Wednesday, October 31, 2012

19 days... I can do this.


19 days till I am done with this semester. Then I can just focus on my mission. Wow the days are going by slow. If I start thinking about my papers or my mission the world just switches to slow motion mode. It is literally killing me… and my grades. School hasn’t seemed to matter since the whole mission thing. Which is really bad. I’m still paying for this thing!

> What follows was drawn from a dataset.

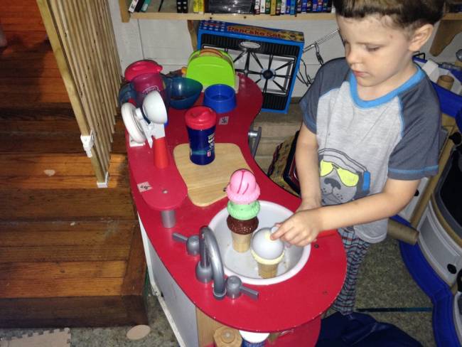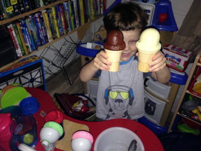 Since the Plastic Ice Cream sets were such a big hit with Froot Loop, we put a better quality set on his wishlist for Christmas last year and he got it!
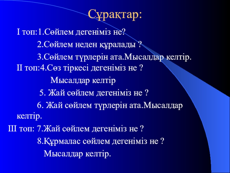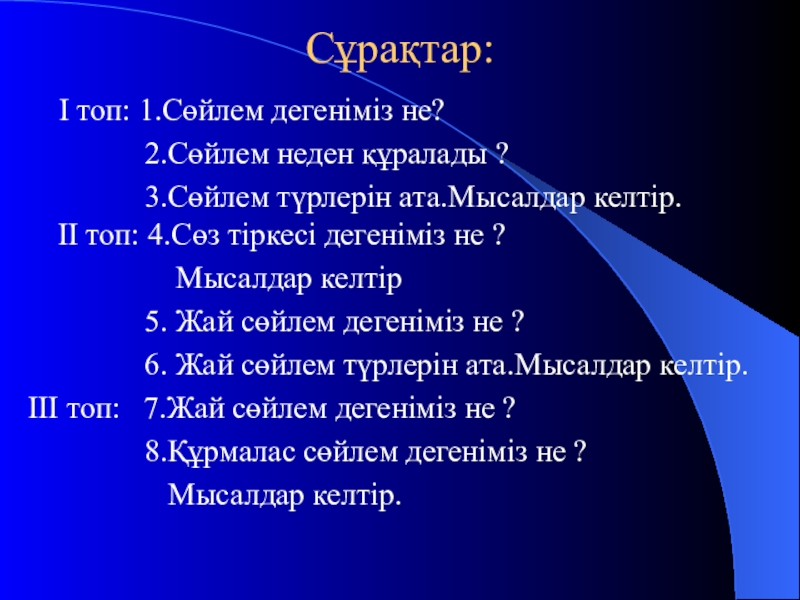3.Сөйлем түрлерін ата.Мысалдар келтір. ІІ топ:4.Сөз тіркесі дегеніміз не ?

On Sunday our Primary had their program. My kids did SO good. They sang amazing and said their parts perfectly. Since they did so amazing we decided to write Elder Miller (their other teacher) some letters when we were in class. They are wrote the cutest and funniest things. I sent them to him along with another letter. I also got a letter back from him. I cannot believe how much he has changed already! I am so proud of him! Anyways. Just wanted to share the good news. J
I’ve just been preparing for my mission. All I want to do is study the Book of Mormon and Preach my Gospel. I have also decided to take on Jesus the Christ. My Stake President told me that if I read it before my mission it will bring me so many blessings. 

Oompa Loompas

I had such a fun time this Halloween. Ok. Let's be real. I do every year. But this year was a little bit different because we did not have anything planned... besides a costume. We always hung out with Austin and watched scary movies, went trick-or-treating, and ate as much as we could. We were a little stumped. 
I started off the day by waking up bright and early for class. Then I hung out with Danny for a while. We saw Perks of being a Wall Flower, went to mall, and got Cafe Rio. Cafe Rio was a mistake. I couldn't do my usual pigging out because I was so full. And I didn't even eat the whole thing. 
I then went home and got into my awesome costume. 
Ash decided that we should set up the projector and play just dance on the garage since it was such a nice night. We did that and handed out candy for a while. Then we decided to go to a few places. Just for doughnuts, scones, and churros. We rode scooters around. We must be getting old. It was weird to ride it. Then we stopped at our favorite peoples house (The Danforth's) talked to them a while, went to see the Miller's, who weren't there. Went to see the Fritcher's (they were there with the Miller's, just like we thought) and that's about it. We just visited a lot with our neighbors. It sounds really simple, because really- it was. And it was just perfect! 








Friday, October 26, 2012

Oh ya...

MY PAPERS ARE IN!
The end.
I can't explain my excitement through this so I'm not even going to try... :)

Tuesday, October 23, 2012

Memory #5

One of the times my dad had surgery he was in the University of Utah hospital. There was this bridge thing connecting from the U to Primary Children's. We would walk over there to get ice cream or food from Primary Children's every time we were there. One time we decided that we would have a wheelchair race... I would like to clarify that this was the sidekicks idea (my mother). 
We were so excited. We went up and down a couple times before getting in some pretty big trouble (probably because we were ACTUALLY with an adult). I just remember my dad laughing and us just having a good time while we were there with him even though he was in the hospital. 
Just make the best of whatever situation you are in and your life will be a lot more enjoyable. :) 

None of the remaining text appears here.